Купив пачку Эл-Эм-а, я здесь же распечатал ее и сунул сигарету в зубы. Солнце нежно трепало меня по волосам, и почему-то хотелось чего-нибудь большого, светлого и очень-очень хорошего. Закурив и выпустив из легких дым первой затяжки, я побрел по осенней улице. — Григорич, — раздалось позади. Я обернулся и разглядел в толпе Марину. Она неслась ко мне, расталкивая прохожих, с вытаращенными красными глазами и поднятой рукой. — Григорич, — повторила она свой вопль, хотя прекрасно видела, что я уже остановился и жду ее. — Привет! — улыбнулся я. — Как дела? — Какие уж тут дела, — переводя дыхание, вздохнула Марина. — Федя пропал. — Весь? — попробовал я сострить. — Да. Совсе-е-е-ем, — вдруг заревела Марина. — Ну чего ты ревешь, дура? — начал я ее успокаивать. — Куда он денется? — Не зна-а-а-аю, — новый взрыв истерики сотряс прижавшиеся ко мне плечи.

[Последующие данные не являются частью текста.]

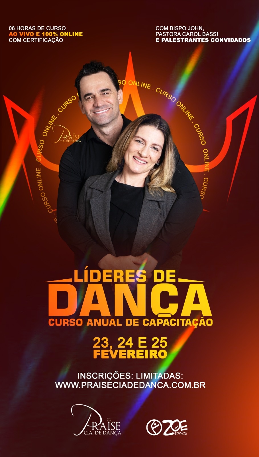 É com grande alegria que anunciamos o nosso curso 100% online de capacitação e formação de líderes de dança cristã, promovido pelo Bispo John e pela Pastora Carol Bassi.

Вздохнув, я приобнял свою первую любовь и вывел ее из толпы. Почему-то все мои знакомые с первой же встречи избирают меня на роль 'жилетки'. Неважно, мужского он пола или женского, но вспоминает обо мне именно тогда, когда хочет поплакать. И ведь умудряются находить меня для этого занятия всюду, где бы я не был. Найдя свободную скамейку, я усадил на нее 'очередную несчастную' и полез в карман за носовым платком. — Мы вчера вечером поругались, и он ушел, — шмыгая носом в мой платок, повествовала Марина. — Что же мне теперь делать? Что, Григорич? — А ты объявление дай в газету, — закатил я глаза. — Какое объявление? — насторожилась она. — Пропал мальчик. Звать дядя Федор. Глаза голубые, нос красный. На вид не больше двадцати пяти. Любит водку с пельменями. — Вечно ты со своими шутками, — отмахнула она. — Тут в колокола бить надо. — В барабаны и бубны, — продолжал я гнуть свое. — Вернется и без колоколов. — Ты его не знаешь, — Марина попыталась еще раз всхлипнуть, но передумала, представив по-видимому, себя, бьющую в бубен. — Да знаю я твоего Федора, как облупленного знаю, — заверил я ее. — Сидит сейчас в каком-нибудь кабаке в сиську пьяный и щупает размалеванную девицу. Да еще и приговаривает: 'Я от бабушки ушел, я от дедушки ушел'. При упоминании о бабушке, на меня обрушился целый водопад. Тут я, согласен, перегнул палку. Нельзя женщину так пугать. Да ведь и она хороша, найди ей ее Феденьку. Это в последний-то теплый день года. — Злой ты, Григорич, — убежденно проревела Марина. — Ага, — подтвердил я. — Злой и себялюбивый. И люди для меня — мусор. — А что, не мусор, что-ли? — Ну я же покаялся. — Ну давай поищем. А? — она вцепилась в лацканы моей куртки и безжизненно повисла на них, как засушенная бабочка. — Тьфу ты, — разозлился я. — Ну где мы его сейчас будем искать? — Ну где-нибудь, — неуверенно пожала она плечами. — Ну пойдем, — плюнул я и махнул рукой на этот последний теплый день осени.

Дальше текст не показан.